→ **DATA SUPPLIED**:

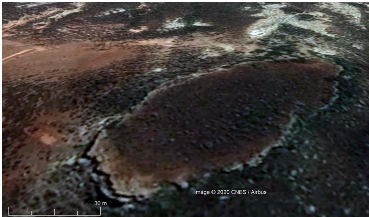
Figure 1. Satellite image: top of a mesa. The red colour is due to the ferrugination of the silcretes.

With a few exceptions, all the silcrete outcrops in the Study Area, both on hilltops and on hillslopes, are ferruginised to a certain extent, with the ferrugination decreasing upwards; in many cases, the silcretes transformed into ferricretes (Figures 1 to 8).
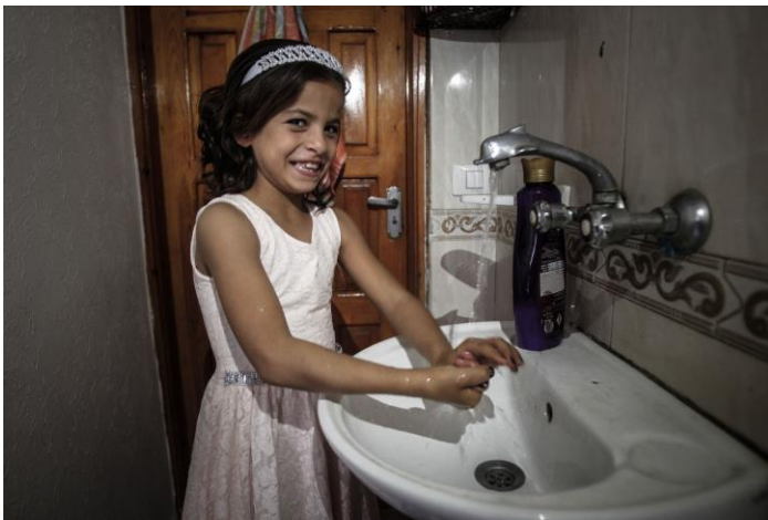
A girl is washing her hands from running water in her home Gaza Strio
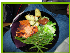
How about fresh salmon from the BBQ with roasted red potatoes and seasoned green beans?

“I’ve had two [prayer ministry] sessions ... I’m amazed at how God can enter any of those memories and rebuild His truth about who I am and who He has created me to be. I am looking forward to walking in this new light and new revelation and seeing how this changes my relationships with my mom, my girls and my husband. It has been incredible scenery and rejuvenation; a time to reflect. It’s just been great. I’m really grateful for this opportunity.”
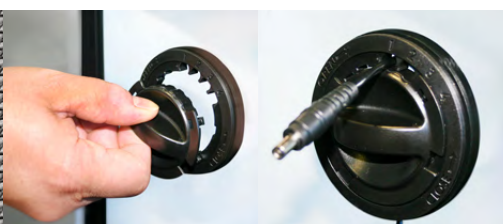
Cable Outlet Dial
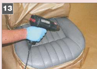
13 After application of the last layer wait 10 min. (dry carefully with heat gun). Do not heat up over 60°C and do not heat up for more than 30 min.
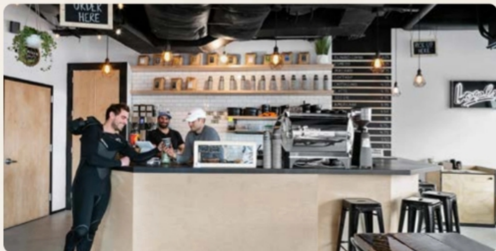
Pictured: A relaxing morning pre-surf at Locals Collective

Boardwalk mornings, beach bar afternoons, ferry home
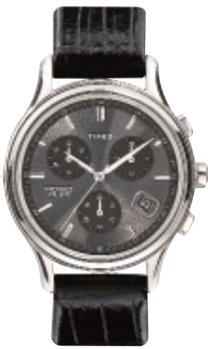
T21823 0-48148-21823-9 ▪ Black croco grain leather strap

< Chronographs with INDIGLO® night-light are another industry first offered by Timex.
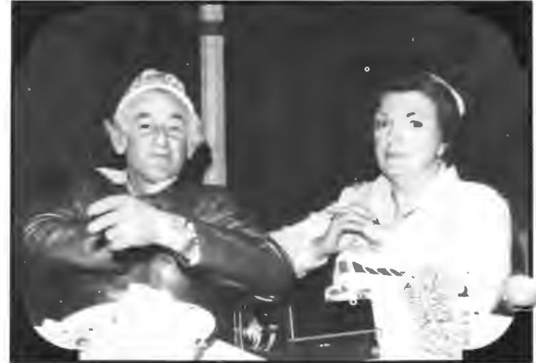
Ski hats in sunny Orlando? Why not?
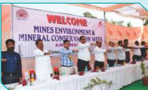
Oath taking ceremony

Ltd., Sirohi. This year, 52 Mechanized Mines participated in different categories. All five mines of JK Cement participated in the Mechanized Opencast Mines Group & won a total of 13 Prizes in different categories such as afforestation, waste dump management, sustainable development etc.
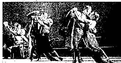
At the Opera House: The tango was born in the brothels of Buenos Aires and became a socially acceptable as ballroom dance at the turn of the century.

■ Argentine Tango Club of Detroit (of Dearborn Heights), (313) 251-3236: group classes, 8 p.m. Monday at La Casanova, 5658 West Fort St. in Detroit; 8 p.m. Tuesday at DanceSport Academy of Michigan, 23666 Park in Dearborn; 7 p.m. Thursday at Pittsfield Grange, 3338 Ann Arbor-Saline Road in Ann Arbor; and 8 p.m. Friday at Farmington YMCA, Farmington Road, just north of 12 Mile Road.
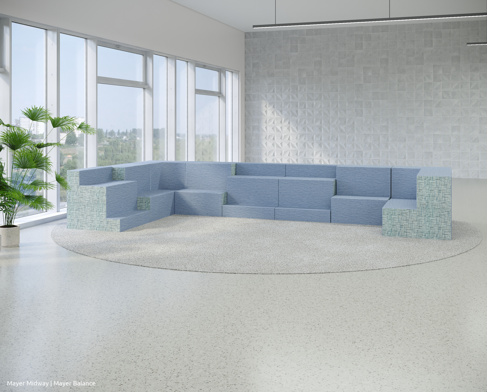
Mayer Midway | Mayer Balance
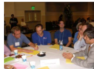
Solar PV: Thermal Group –
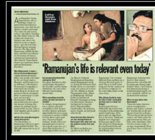
HT City Kolkata (Also in Ranchi) 10th July 2013
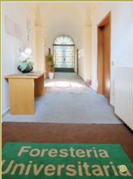
① The University Guesthouse
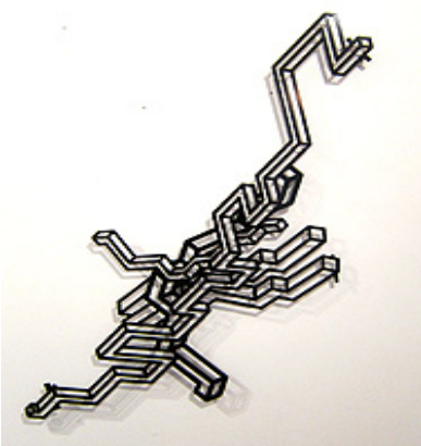
Cab on the Dan Ryan 2013 137 x 57cm powdercoated mild steel
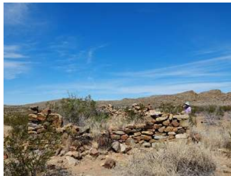
McKinney Ranch house

Continue north along a small set of badlands containing two small pyramid shaped hills called Black Peaks. End the trip on pavement south of the north entrance station.
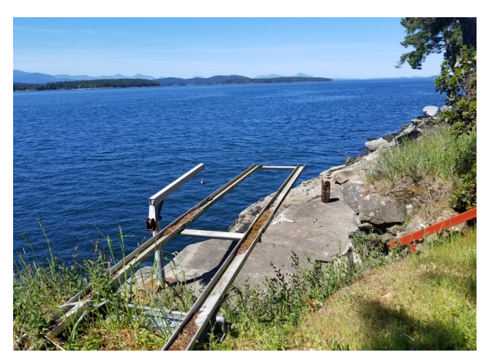
Boat launch and lift. View to the west and northwest. Short stair case down to the cemented pad.
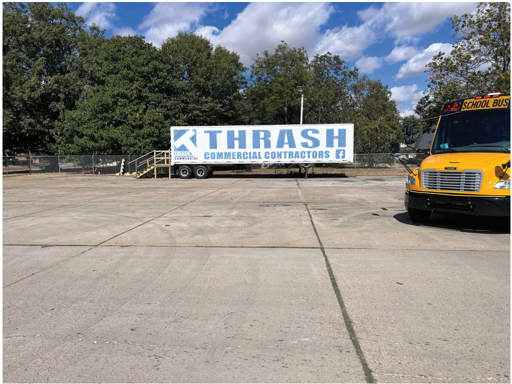
Figure 5 – Contractor Signage
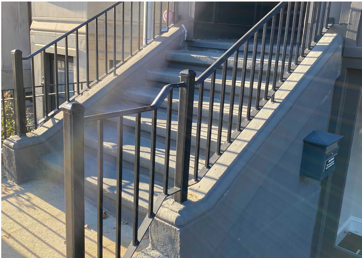
EXISTING RAILING @ 555 COLUMBUS AVE
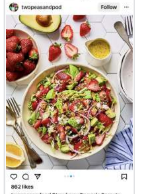
862 likes twopeasandpod Strawberry Brussels Sprouts Salad-shaved Brussels sprouts salad with strawberries, avocado, candied pecans, feta, red
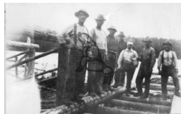
Title: Mayer Lake - Logging Crew Medium: Prints
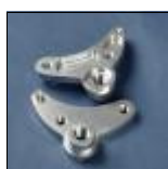
(DR4043) 6061 Aluminium, Right Side Insert for Rocker Dropout, No Hanger, DT Swiss 142 x 12 Skewer
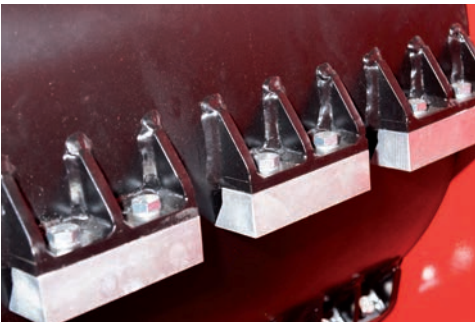
SCREWED CRUSHING LEDGES
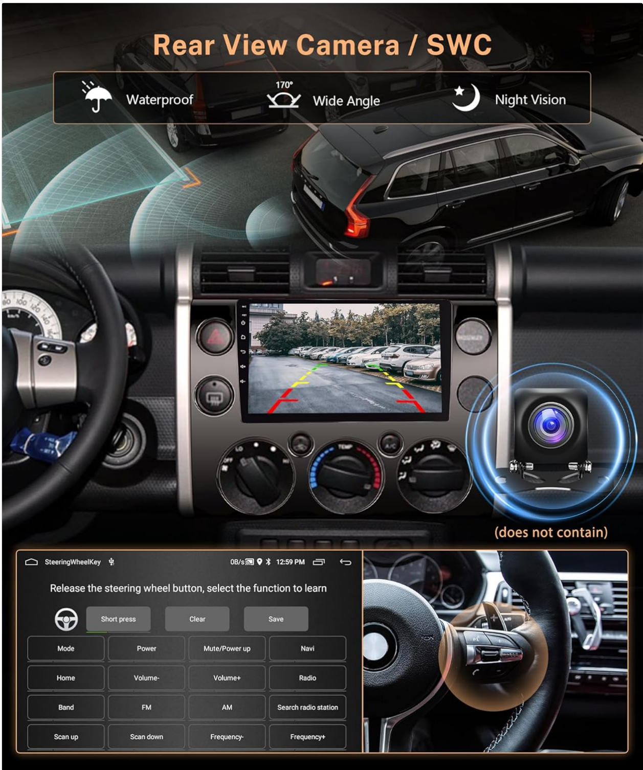
Image: The car radio screen showing the rear view camera feed with parking guidelines, and a separate interface for configuring steering wheel controls.
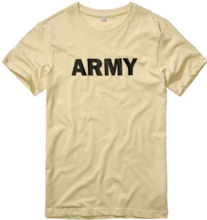
20003 · beige
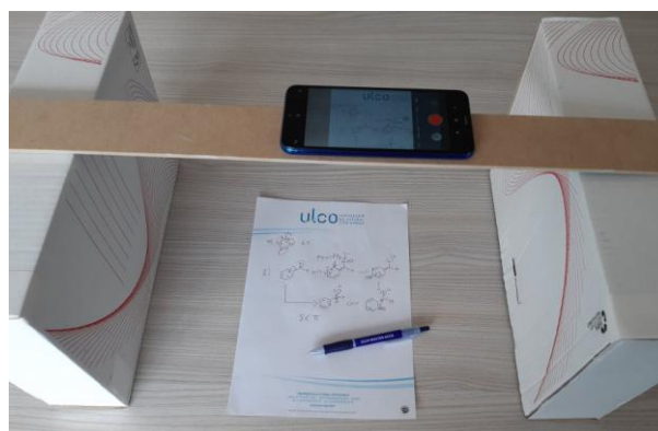
Figure 1 : Photograph of the video recording equipment

95 Thus, to explain the solutions of the exercises or to remind students of course notions that they have not mastered properly, one needs to launch the video acquisition and start talking while having the possibility to draw molecules on the paper as one could do on a blackboard in the classroom. This solution, close to the Khan-style video format, 9 has the advantage of not using a graphics tablet or any other expensive and potentially inaccessible accessory during the lockdown.
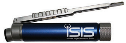
iSIS™ modular electric motor handpiece with hand throttle.
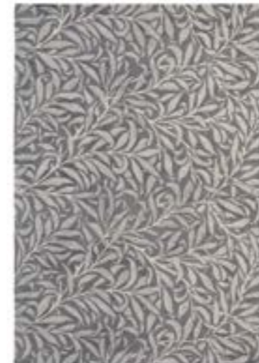
Willow Bough 28305 Granite

→ **EXERCISE**:
Reproduce every line above exactly, pictures excluded.

→ **OUTPUT FOR THIS TASK**:
Figure 1. Satellite image: top of a mesa. The red colour is due to the ferrugination of the silcretes.

With a few exceptions, all the silcrete outcrops in the Study Area, both on hilltops and on hillslopes, are ferruginised to a certain extent, with the ferrugination decreasing upwards; in many cases, the silcretes transformed into ferricretes (Figures 1 to 8).
A girl is washing her hands from running water in her home Gaza Strio
How about fresh salmon from the BBQ with roasted red potatoes and seasoned green beans?

“I’ve had two [prayer ministry] sessions ... I’m amazed at how God can enter any of those memories and rebuild His truth about who I am and who He has created me to be. I am looking forward to walking in this new light and new revelation and seeing how this changes my relationships with my mom, my girls and my husband. It has been incredible scenery and rejuvenation; a time to reflect. It’s just been great. I’m really grateful for this opportunity.”
Cable Outlet Dial
13 After application of the last layer wait 10 min. (dry carefully with heat gun). Do not heat up over 60°C and do not heat up for more than 30 min.
Pictured: A relaxing morning pre-surf at Locals Collective

Boardwalk mornings, beach bar afternoons, ferry home
T21823 0-48148-21823-9 ▪ Black croco grain leather strap

< Chronographs with INDIGLO® night-light are another industry first offered by Timex.
Ski hats in sunny Orlando? Why not?
Oath taking ceremony

Ltd., Sirohi. This year, 52 Mechanized Mines participated in different categories. All five mines of JK Cement participated in the Mechanized Opencast Mines Group & won a total of 13 Prizes in different categories such as afforestation, waste dump management, sustainable development etc.
At the Opera House: The tango was born in the brothels of Buenos Aires and became a socially acceptable as ballroom dance at the turn of the century.

■ Argentine Tango Club of Detroit (of Dearborn Heights), (313) 251-3236: group classes, 8 p.m. Monday at La Casanova, 5658 West Fort St. in Detroit; 8 p.m. Tuesday at DanceSport Academy of Michigan, 23666 Park in Dearborn; 7 p.m. Thursday at Pittsfield Grange, 3338 Ann Arbor-Saline Road in Ann Arbor; and 8 p.m. Friday at Farmington YMCA, Farmington Road, just north of 12 Mile Road.
Mayer Midway | Mayer Balance
Solar PV: Thermal Group –
HT City Kolkata (Also in Ranchi) 10th July 2013
① The University Guesthouse
Cab on the Dan Ryan 2013 137 x 57cm powdercoated mild steel
McKinney Ranch house

Continue north along a small set of badlands containing two small pyramid shaped hills called Black Peaks. End the trip on pavement south of the north entrance station.
Boat launch and lift. View to the west and northwest. Short stair case down to the cemented pad.
Figure 5 – Contractor Signage
EXISTING RAILING @ 555 COLUMBUS AVE
862 likes twopeasandpod Strawberry Brussels Sprouts Salad-shaved Brussels sprouts salad with strawberries, avocado, candied pecans, feta, red
Title: Mayer Lake - Logging Crew Medium: Prints
(DR4043) 6061 Aluminium, Right Side Insert for Rocker Dropout, No Hanger, DT Swiss 142 x 12 Skewer
SCREWED CRUSHING LEDGES
Image: The car radio screen showing the rear view camera feed with parking guidelines, and a separate interface for configuring steering wheel controls.
20003 · beige
Figure 1 : Photograph of the video recording equipment

95 Thus, to explain the solutions of the exercises or to remind students of course notions that they have not mastered properly, one needs to launch the video acquisition and start talking while having the possibility to draw molecules on the paper as one could do on a blackboard in the classroom. This solution, close to the Khan-style video format, 9 has the advantage of not using a graphics tablet or any other expensive and potentially inaccessible accessory during the lockdown.
iSIS™ modular electric motor handpiece with hand throttle.
Willow Bough 28305 Granite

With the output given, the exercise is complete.